ACE minimizes the total Gibbs free energy by applying the algorithm first introduced by White et al. (1958). ACE is based on an algorithm implemented in the NASA/CEA program and presented in detail in Gordon & McBride (1994). For a closed system of N chemical compounds at a certain temperature and pressure, in the absence of disturbance (transport, UV radiation, etc.), the equilibrium chemical composition can be calculated theoretically, thanks to standard-state chemical potential expressed as a function of the standard-state enthalpy and entropy of the species. These thermodynamic quantities can be calculated using NASA polynomial coefficients (see, e.g., McBride et al. 2002) in databases such as NASA/CEA (McBride et al. 2002) or the Third Millennium Thermochemical Database (Goos et al. 2016). The chemical species used include 105 neutral species composed of C, H, O, and N, more specifically species up to 2 carbon atoms and the main nitrogen species (NH3, HCN, N2, NOx). It has been validated for temperatures as low as 300 K. We refer to Venot et al. (2012) for more details on the ACE code thermodynamic coefficients and calculation of thermochemical equilibrium.

Both FastChem and GGchem use a second type of method for determining the chemical composition at the equilibrium state. These two programs use the law of mass action and equilibrium constants, with some subtleties (for FastChem equilibrium constants are based on Gibbs free energy while for GGchem they are based on partition functions). This amounts to solving a system of N algebraic equations with N unknowns, which correspond to the conservation equations for N elements. The partial pressure of each molecule is defined as the partial pressure of the constituent atoms by the atomization equilibrium constant.

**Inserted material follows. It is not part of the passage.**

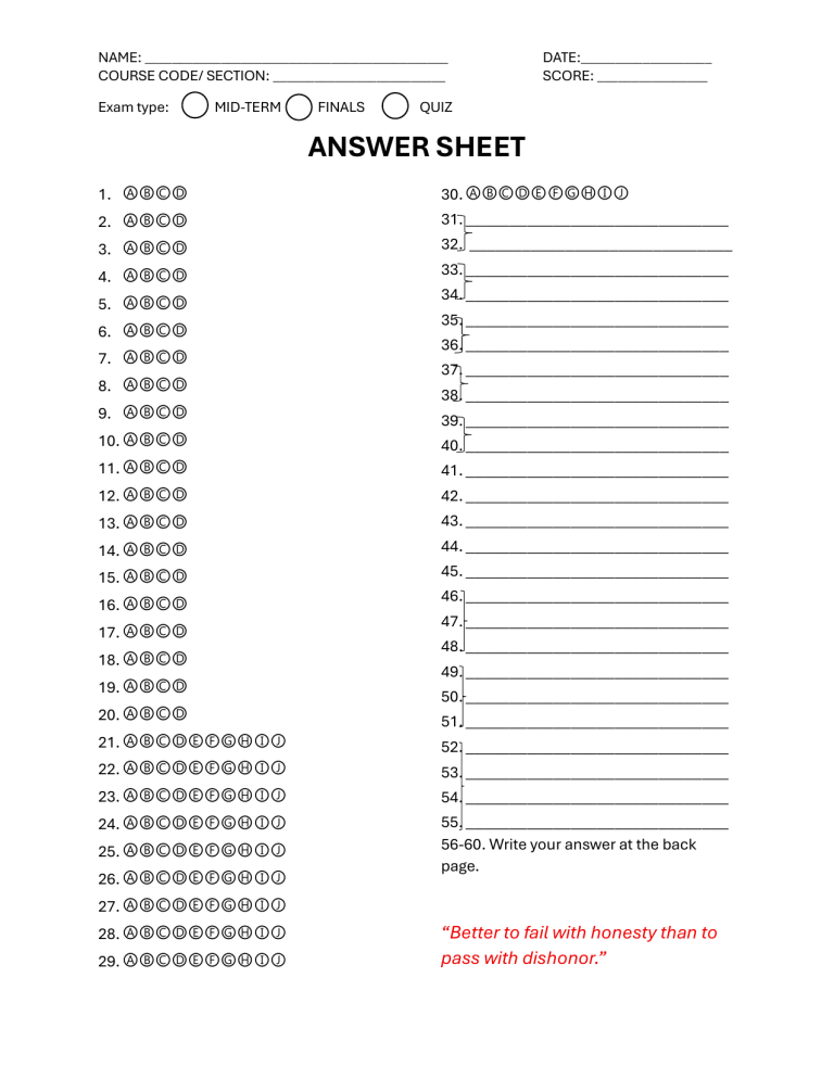 NAME: ____________________________________________ COURSE CODE/ SECTION: _________________________ Exam type: MID-TERM FINALS DATE:___________________ SCORE: ________________ QUIZ ANSWER SHEET 1. ⒶⒷⒸⒹ 30. ⒶⒷⒸⒹⒺⒻⒼⒽⒾⒿ 2. ⒶⒷⒸⒹ 31. ______________________________ 3. ⒶⒷⒸⒹ 4. ⒶⒷⒸⒹ 5. ⒶⒷⒸⒹ 6. ⒶⒷⒸⒹ 7. ⒶⒷⒸⒹ 8. ⒶⒷⒸⒹ 9. ⒶⒷⒸⒹ 10. ⒶⒷⒸⒹ 11. ⒶⒷⒸⒹ 12. ⒶⒷⒸⒹ 32. ______________________________ 33. ______________________________ 34. ______________________________ 35. ______________________________ 36. ______________________________ 37. ______________________________ 38. ______________________________ 39. ______________________________ 40. ______________________________ 41. ______________________________ 42. ______________________________ 13. ⒶⒷⒸⒹ 43. ______________________________ 14. ⒶⒷⒸⒹ 44. ______________________________ 15. ⒶⒷⒸⒹ 16. ⒶⒷⒸⒹ 17. ⒶⒷⒸⒹ 18. ⒶⒷⒸⒹ 19. ⒶⒷⒸⒹ 20. ⒶⒷⒸⒹ 21. ⒶⒷⒸⒹⒺⒻⒼⒽⒾⒿ 22. ⒶⒷⒸⒹⒺⒻⒼⒽⒾⒿ 23. ⒶⒷⒸⒹⒺⒻⒼⒽⒾⒿ 24. ⒶⒷⒸⒹⒺⒻⒼⒽⒾⒿ 25. ⒶⒷⒸⒹⒺⒻⒼⒽⒾⒿ 26. ⒶⒷⒸⒹⒺⒻⒼⒽⒾⒿ 45. ______________________________ 46. ______________________________ 47. ______________________________ 48. ______________________________ 49. ______________________________ 50. ______________________________ 51. ______________________________ 52. ______________________________ 53. ______________________________ 54. ______________________________ 55. ______________________________ 56-60. Write your answer at the back page. 27. ⒶⒷⒸⒹⒺⒻⒼⒽⒾⒿ 28. ⒶⒷⒸⒹⒺⒻⒼⒽⒾⒿ 29. ⒶⒷⒸⒹⒺⒻⒼⒽⒾⒿ “Better to fail with honesty than to pass with dishonor.”

This system of equations can then be solved by any root-finding algorithms like the Newton-Raphson method for example (Russell 1934; Brinkley 1947; Tsuji 1973).

The thermodynamical data used in FastChem are mainly from the NIST-JANAF database detailed in Chase (1998). The list of species used has been modified to take into account molecules that may be of interest in astrophysics with data from Tsuji (1973), Barin & PLatzki (1995), Burcat & Ruscic (2005) and Goos et al. (2016). The total of species used amounts to 396 neutral and 114 charge species and the code has been validated for parameters down to 100 K and up to 1000 bar. We refer to Stock et al. (2018) for more details on the list of species used. We note that the FastChem code has recently been updated with FastChem 2 (Stock et al. 2022) which is more efficient but not yet available in combination with TauREx.

Compared to the other two codes we are using, GGchem takes condensation into account. In fact, the formation of liquids and solids in the atmosphere will have an effect on the composition at thermodynamic equilibrium. Condensed species can consume certain elements leaving a significant difference in composition between before condensation and after condensation (Woitke & Helling 2004; Juncher et al. 2017). Condensation will have an effect, especially at temperatures below 2000 K so this mechanism will mainly affect GJ 1214 b and HD 189733 b in our work. The data included in this code includes 552 molecules and 257 condensates, including 38 liquids, and GGchem has been proven robust down to 100 K. All elements from hydrogen to zirconium are included, as well as the option to add tungsten and charges. We refer to Woitke et al. (2018) for more details on the list of species. We note that the list of active molecules that can appear as a feature in the spectra are H2O, CO, CH4, CO2, HCN, NH3, FeH, SiO, Na, K, TiO and VO. It depends on the opacity files loaded in the TauREx program and is independent of the type of chemical model chosen.

3.3 Retrieval procedure

All spectra configurations are retrieved with the same set of retrieval models. The set of retrieval models covers all the simulated configurations. We expect that each simulated spectra will be best retrieved by the corresponding retrieval model.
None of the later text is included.